• **Provided entries**
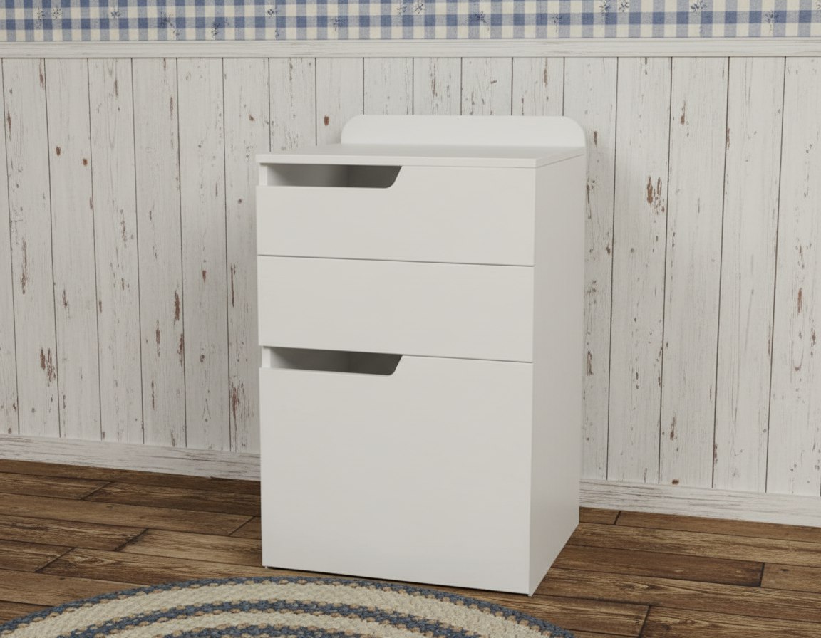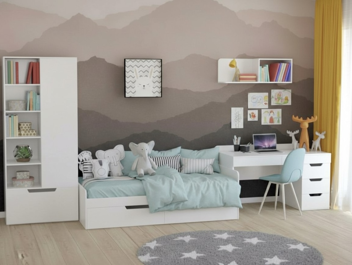 Мебель выполнена из сертифицированного, качественного, экологически чистого ЛДСП Е0,5 в белом цвете.
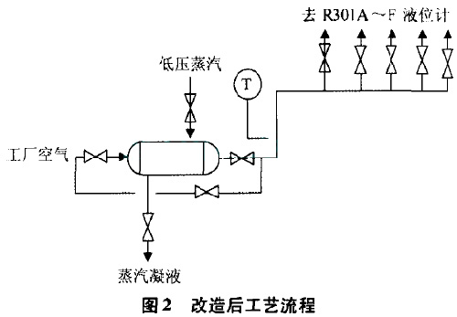 此次試驗(yàn)的成功為徹底解決乙烯球罐磁翻板結(jié)冰提供了寶貴的經(jīng)驗(yàn),因此將試驗(yàn)期間所用的臨時(shí)管線和設(shè)備經(jīng)過進(jìn)一步完善,于2016年4月底完成全部乙烯球罐(R301A-F)耐酸堿磁翻板液位計(jì)的改造,液位計(jì)上的空氣吹掃管為自制設(shè)備,進(jìn)氣端裝一閥門用于調(diào)節(jié)空氣量,另一端封閉,在靠進(jìn)液位計(jì)翻板側(cè)每間斷開5cm一個(gè)中的孔用于空氣吹掃為保證吹掃空氣的溫度在加熱器出入口增加一旁線,流程見圖2。
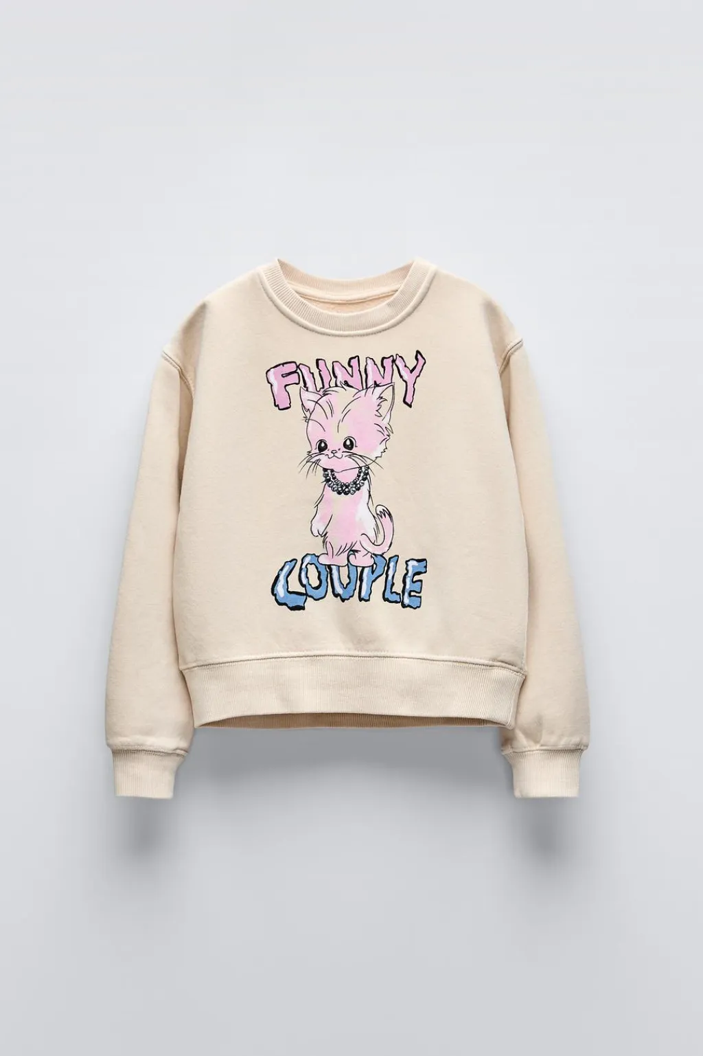 Sudadera con cuello redondo y manga larga. Estampado motivo gato en delantero. Acabados en rib.
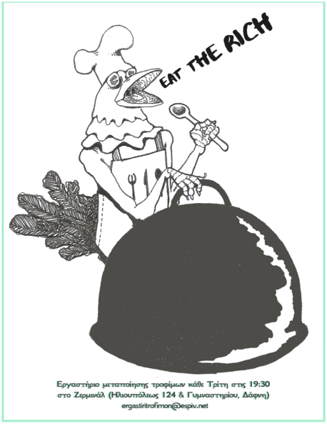 Κάθε Τρίτη στις 20:00, ανοίγουμε το εργαστήριο μεταποίησης τροφίμων. Το εργαστήριο μεταποίησης τροφίμων φιλοδοξεί να ασχοληθεί με θέματα που σχετίζονται με την παραγωγή και μεταποίηση της τροφής, με την συλλογική κάλυψη υλικών αναγκών και επιθυμιών, με ζητήματα συνεργατικής, κοινοτικής παραγωγής και οικονομίας.
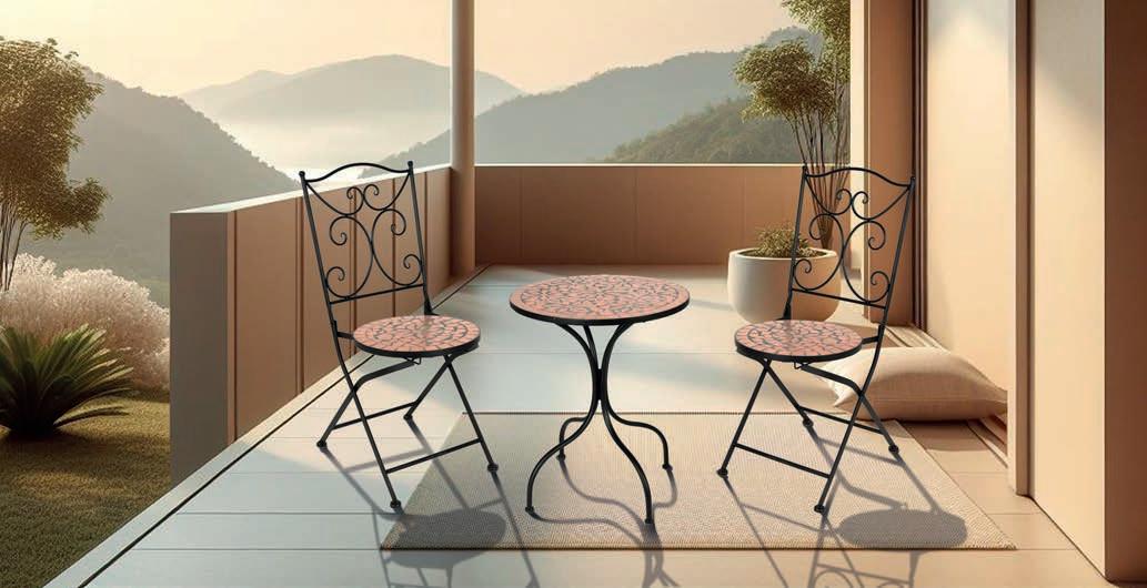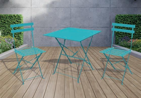 Fabricado en madera de Acacia con estructura metálica. Mesa plegable de 55 x 54 x h71 cm + 2 sillas plegables.
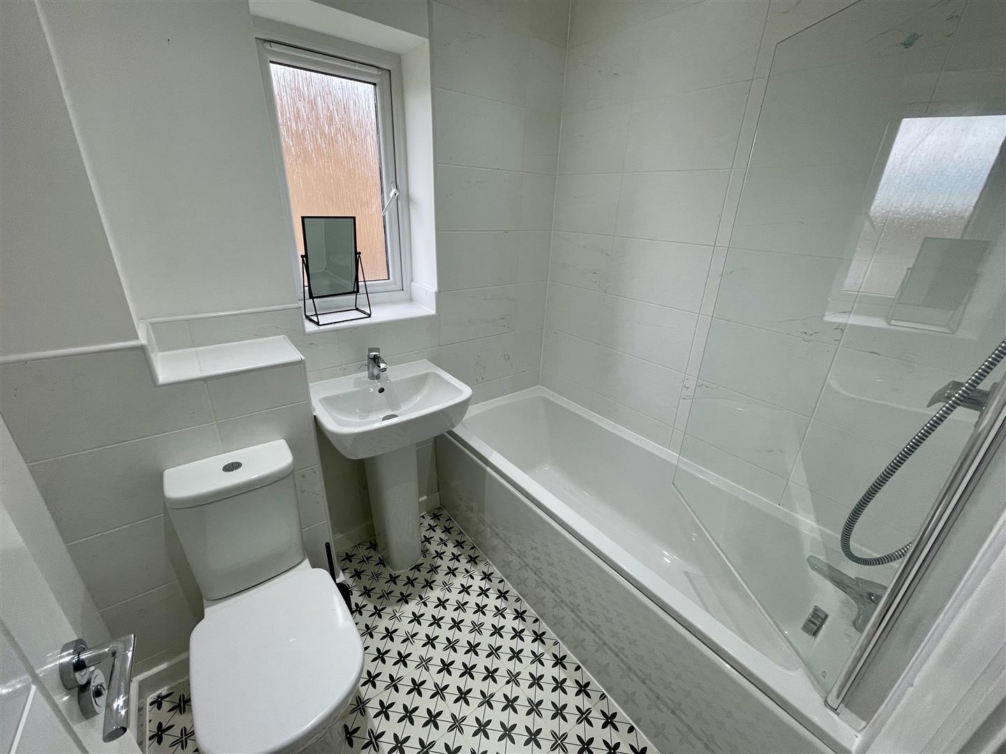 Upvc double glazed obscure window to rear, fitted panelled bath with shower over and screen. Wash hand basin. w.c and heated towel rail.

• **Work item**
Could you restate every record above word for word, leaving the pictures out?

• **Solution for this exercise**
 Мебель выполнена из сертифицированного, качественного, экологически чистого ЛДСП Е0,5 в белом цвете.
 此次試驗(yàn)的成功為徹底解決乙烯球罐磁翻板結(jié)冰提供了寶貴的經(jīng)驗(yàn),因此將試驗(yàn)期間所用的臨時(shí)管線和設(shè)備經(jīng)過進(jìn)一步完善,于2016年4月底完成全部乙烯球罐(R301A-F)耐酸堿磁翻板液位計(jì)的改造,液位計(jì)上的空氣吹掃管為自制設(shè)備,進(jìn)氣端裝一閥門用于調(diào)節(jié)空氣量,另一端封閉,在靠進(jìn)液位計(jì)翻板側(cè)每間斷開5cm一個(gè)中的孔用于空氣吹掃為保證吹掃空氣的溫度在加熱器出入口增加一旁線,流程見圖2。
 Sudadera con cuello redondo y manga larga. Estampado motivo gato en delantero. Acabados en rib.
 Κάθε Τρίτη στις 20:00, ανοίγουμε το εργαστήριο μεταποίησης τροφίμων. Το εργαστήριο μεταποίησης τροφίμων φιλοδοξεί να ασχοληθεί με θέματα που σχετίζονται με την παραγωγή και μεταποίηση της τροφής, με την συλλογική κάλυψη υλικών αναγκών και επιθυμιών, με ζητήματα συνεργατικής, κοινοτικής παραγωγής και οικονομίας.
 Fabricado en madera de Acacia con estructura metálica. Mesa plegable de 55 x 54 x h71 cm + 2 sillas plegables.
 Upvc double glazed obscure window to rear, fitted panelled bath with shower over and screen. Wash hand basin. w.c and heated towel rail.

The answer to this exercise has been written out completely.